# new pics of the petty and buddy baker race sets coming out.



## wheelz63 (Mar 11, 2006)

here you go,


----------



## Hittman101 (Oct 21, 2009)

OMG!!! That is awesome!!!


----------



## Omega (Jan 14, 2000)

Hittman101 said:


> OMG!!! That is awesome!!!


What Hittman said. Might break down and get this one. For the kids you understand.

Dave


----------



## jeffaary (Dec 11, 2004)

Mopar or no car...


----------



## ParkRNDL (Mar 20, 2002)

I have no need whatsoever for more track, I have boxes and boxes in the basement. And I have original AFX Chargers and Roadrunners in nice shape in various colors.

So why am I DYING to pick up one of these sets?  This is probably the coolest-looking set box art I have seen from AW. It pushes all my buttons. The only other set I can think of that came close for me is the Concept Camaro vs. Concept Challenger set with the mirror-finish cars. That box illustration was a dead ringer for early Tycopro stuff, and I loved it. This is awesome and kinda retro without being a copy of anything. Very cool, AW. :thumbsup:

--rick


----------



## Hilltop Raceway (Feb 12, 2006)

Glad they are using the see through window!!! At least you'll know the cars are in the set, especially sets that have been brought back to Hobby Lobby after the cars had been removed!!! RM


----------



## NTxSlotCars (May 27, 2008)

We need a like button...


----------



## dlw (Aug 17, 1999)

*new pics of the petty and buddy baker race sets coming out...

3 words.....
Four - lane - sets.
*


----------



## swamibob (Jan 20, 2009)

Very cool!!! I agree with DLW "FOUR LANE SETS!" How about a Petty, Baker, Allison, Pearson 4 lane set? 

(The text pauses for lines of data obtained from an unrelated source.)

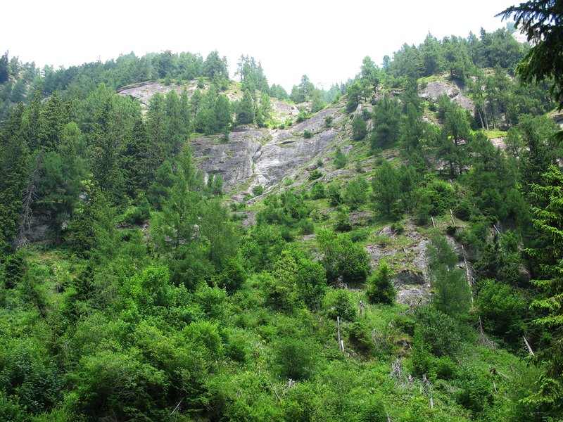 Malgré la pente, la végétation s'accroche coûte-que-coûte. La vallée, bien qu'encaissée, forme une haute cuvette verdoyante.
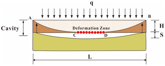 Spatial mechanical calculation model diagram of the underlying cavity zone beneath the paleosol (q—overlying soil water pressure; S—settlement of the lower part of the paleosol stratum under the load q; H—deformation height generated between the paleosol and the underlying stratum; L—hypothetical paleosol layer length).
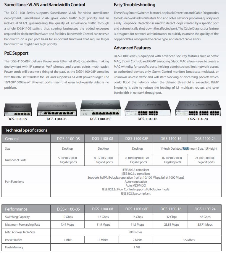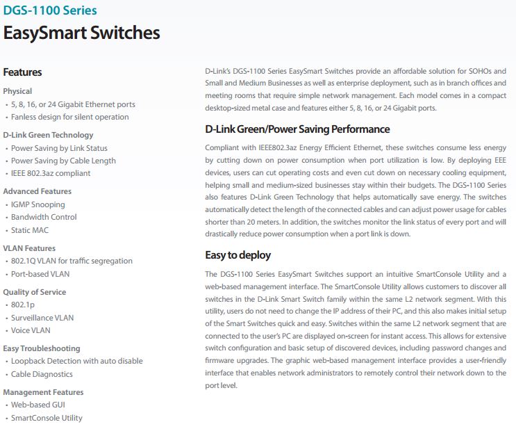 Product Name D-Link DGS-1100-08 8-Port Gigabit EasySmart Switch
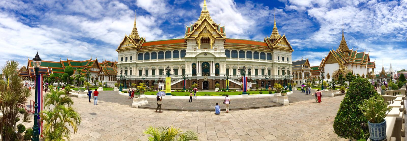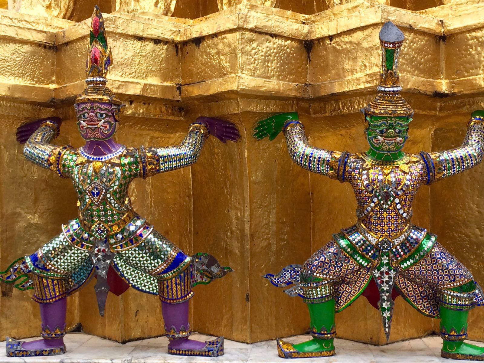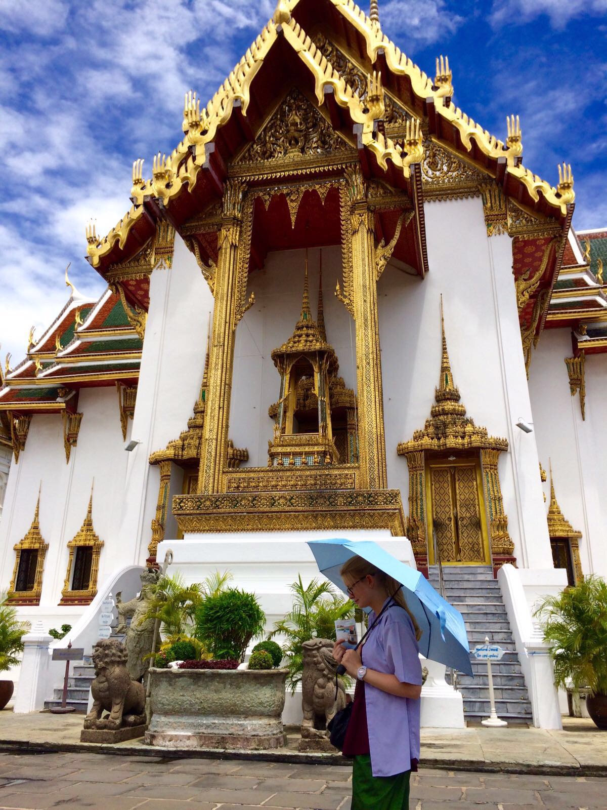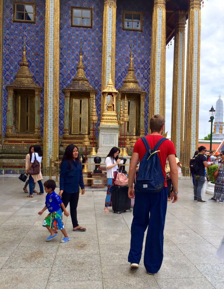 Danach fuhren wir dann zum Königspalast, der als absolutes Highlight jeder Thailand Reise angepriesen wird. Deshalb nahmen wir auch den hohen Eintrittspreis und die strengen Regeln in Kauf. Hier durfte kein Millimeter Haut zu viel gezeigt werden, weshalb wir uns Klamotten leihen mussten. Am Ende sah ich mit einem langen Rock und ärmelloser Bluse aus wie eine Putzfrau und wir beide hatten echte Probleme mit so vielen Klamottenschichten bei fast 40 Grad!
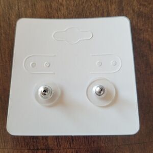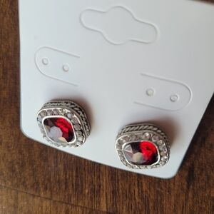 Faux Ruby Red and Rhinestones Stud Silver Tone Earrings
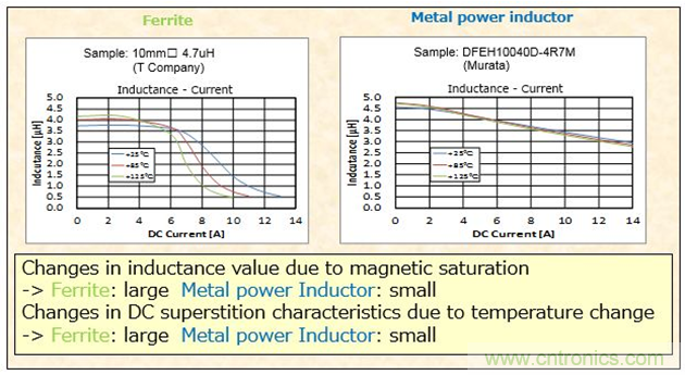 同时,针对温度的变化,金属合金粉材质的电感衰减比铁氧体要缓慢很多。
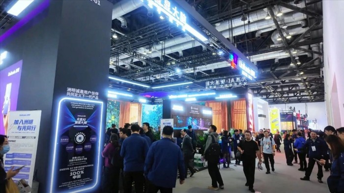 洲明团队在主屏区域全球首发“AI音视频智能体平台”及多款新品。

I'll certainly need to buy these cars, I don't need any more track, but I'd probably have to buy a 4 lane set like the above. 

Tom


----------



## Joe65SkylarkGS (Feb 15, 2010)

I agree with Rick. 

I have no need for another set but this is a must have for sure!!!!


----------



## lenny (Feb 29, 2000)

Hilltop Raceway said:


> Glad they are using the see through window!!! At least you'll know the cars are in the set, especially sets that have been brought back to Hobby Lobby after the cars had been removed!!! RM


lol!!!! too true...


----------